伊水與洛水如兩條碧綠的絲帶,在中原腹地交織纏繞,滋養出一片膏腴沃土。
兩岸的垂柳抽芽吐綠,枝條輕拂水面,泛起層層漣漪。田埂上的薺菜、苦苣頂著嫩黃的花穗,與遠處麥田的新綠連成一片,空氣中彌漫著泥土的芬芳與草木的清新。
李治的鑾駕自東都洛陽宮出發,沿定鼎門大街向南行去。
車輪碾過青石板路,發出沉穩的 “轱轆” 聲響,與沿途百姓的山呼萬歲聲交織,在春日的空氣中漾開層層疊疊的回響。
剛登帝位不久的年輕帝王,時年二十有七,身著明黃袞龍袍,袍上繡著十二章紋,日月星辰、山龍華蟲在陽光下熠熠生輝。
李治面容俊朗溫潤,劍眉星目,鼻梁高挺,唇線分明,眉宇間雖帶著幾分初掌大權的審慎,卻難掩皇家威儀與躊躇滿志。
自貞觀十七年被立為太子,至貞觀二十三年登基,短短六年時間,他從一個溫潤的皇子蛻變為掌控天下的帝王,既有承繼大業的豪情,也有再創盛世的壯志。
鑾駕行至伊闕山下,李治下令停駐。
掀開車簾,一股夾雜著水汽與草木清香的山風撲面而來,瞬間驅散了自車輦中帶出來的幾分疲意。
目光越過隨行的儀仗 —— 金黃的傘蓋、鮮紅的旗幟、甲胄鮮明的侍衛 —— 投向眼前雄奇的山水。
東西兩山,似兩條巨龍,相對而立,峭壁如削,形似門闕,伊水穿流其間,奔涌北去,這便是隋帝楊廣親賜 “龍門” 之名的伊闕。
當年楊廣巡幸洛陽,登北邙望闕臺遠眺此處,驚嘆 “彼非龍門耶?”,遂賜名 “龍門”,使其從天然勝境升格為皇家贊譽的風水寶地。
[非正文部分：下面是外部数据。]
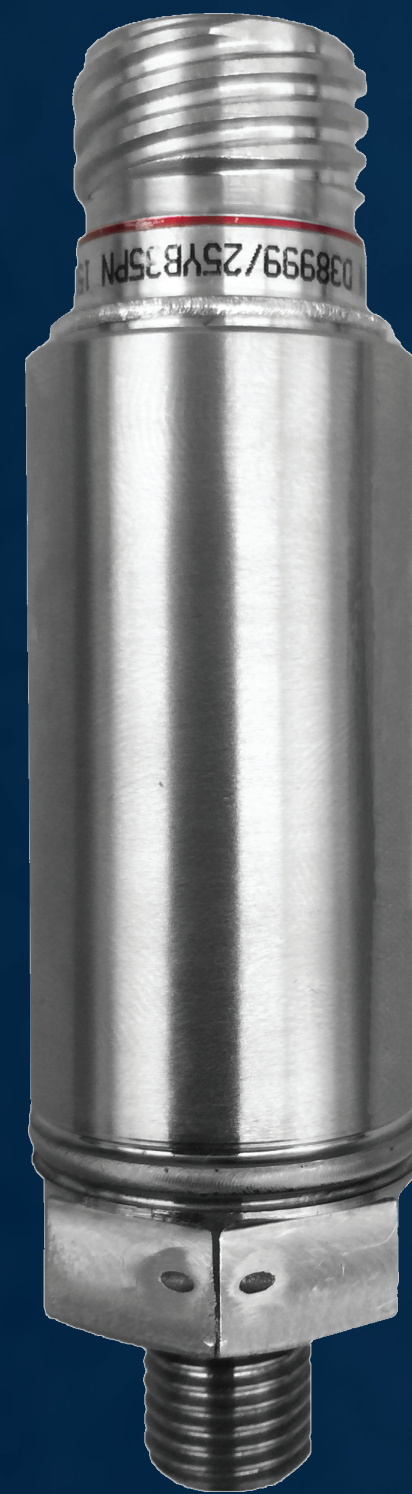
TRG - Gage Pressure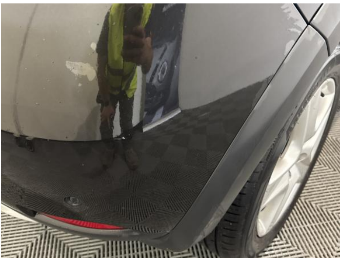
7: Bumper Rear Scratched 25 to 100mm Thru Paint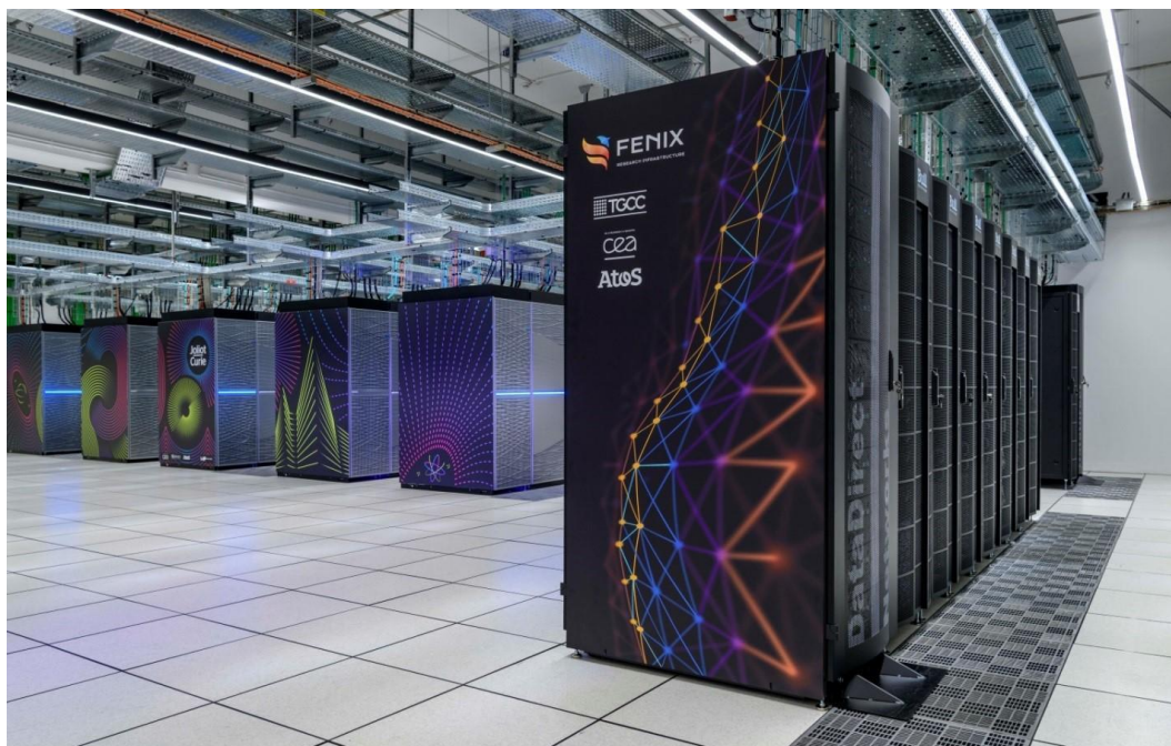
Figure 3 - Fenix systems at CEA

Delivery took place in the first half of 2020 and systems were made available in July 2020 (with some delays due to COVID-related measures).

“果然不負‘龍門’之名,真乃天開勝境!” 李治輕聲贊嘆,邁步走下鑾駕。
踩著松軟的草地向山壁走去,鞋底能感受到青草的彈性與泥土的濕潤。
隨行的中書令上官儀、洛州刺史賈敦頤等官員緊隨其后,侍衛們呈扇形散開,警惕地環顧四周,卻不敢過于靠近,生怕驚擾了帝王的雅興。
越靠近山壁,越能感受到伊闕高崖逼人的氣勢。
峭壁由古生代寒武紀和奧陶紀的石灰巖構成,質地堅硬致密,結構均勻,呈青灰色,歷經千萬年風雨侵蝕,表面卻依然平整光滑,僅在縫隙處生長著幾簇耐旱的酸棗叢與地衣片。
李治伸出手,撫過巖壁,冰涼的觸感穿過指尖,能清晰感受到巖石細膩的層次和紋理,仿佛觸摸到了歲月的脈搏。
“這般好的石材,致密堅硬,不易風化,天生便適宜造像。” 他轉頭對賈敦頤說道,語氣中帶著難掩的欣喜。
賈敦頤連忙躬身回應:“陛下明鑒!伊闕石巖,質地純凈,無裂隙、無雜石,是雕造佛像的上上之選。隋時便有人想在此大興造像,只因戰亂未能成行,如今恰逢陛下圣明之時,正是天意使然。”
李治頷首,目光在山水間流轉,愈發看清伊闕的地理優勢。
北依洛陽城,南接襄荊古道,西通關中大塬,東達鄭汴闊野,既是水陸交通要沖,又疏離市井喧囂,清靜幽雅。
伊闕山壁,高聳陡峭,最高處逾百丈,視野開闊,造像于此,既能彰明佛法的莊嚴神圣,又能讓四方信徒遠遠便能瞻見,心生敬畏。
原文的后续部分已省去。